Development and design
In 1918, the British Air Ministry drew up specification A.2 (B) for the replacement of the Airco DH.10 medium bomber, despite the fact that the DH.10 Amiens had not yet entered service.[2] In response, J.D North, chief designer of Boulton & Paul's aircraft department designed a twin-engined aircraft, the P.7 Bourges, powered, like most of the types designed to replace the DH.10, by two of the new ABC Dragonfly radial engines.[3] The ABC was ordered off the drawing board by the Ministry and high hopes were held for it.

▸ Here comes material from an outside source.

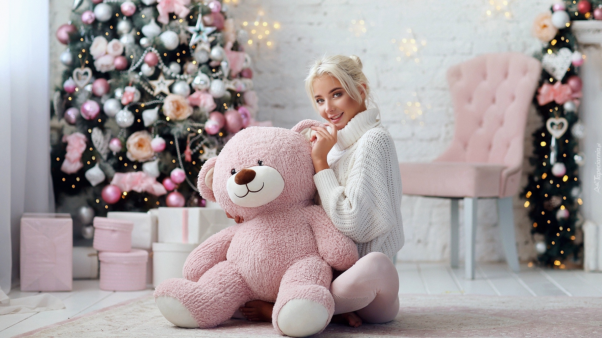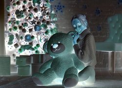 Edytor tapety: Dziewczyna z misiem przy choince

The Bourges was a three-seat, three bay biplane with unstaggered wings of all-wooden construction. The armament was two Lewis guns - one in the nose on a Scarrf mounting and the other in the dorsal position - and 900 lb of bombs in three bomb cells with doors.[4]
Three prototypes were ordered by the Air Ministry.[5]
Delays in delivery of airworthy examples of the Dragonfly lead to the decision to fit the first prototype with the much less powerful (230 hp/172 kW), but reliable Bentley BR2 rotary engine as a temporary measure, allowing a first flight as the Bourges Mk IIA in June 1919.[6]
Frank Courtney demonstrated the Bourges at Hendon at the end of May 1919 for a reception for Commander Read who had led the crossing of the Atlantic by US seaplanes. The magazine Flight commenting on its aerobatic capabilities and general performance though having already flown about 3,500 miles.[7]
It was fitted with Dragonflys in July, becoming the Bourges Mk IA,.[6] Both the Bentley[8] and ABC engined Bourges demonstrated excellent performance and manoeuvrability, being able to be looped and rolled with ease.[9] Courtney wrote that it could "be thrown around in loops, spins, rolls...without any special effort".[10] This acrobatic quality was displayed for the reception at Hendon of Commander Read after his cross-Atlantic crossing by flying boat.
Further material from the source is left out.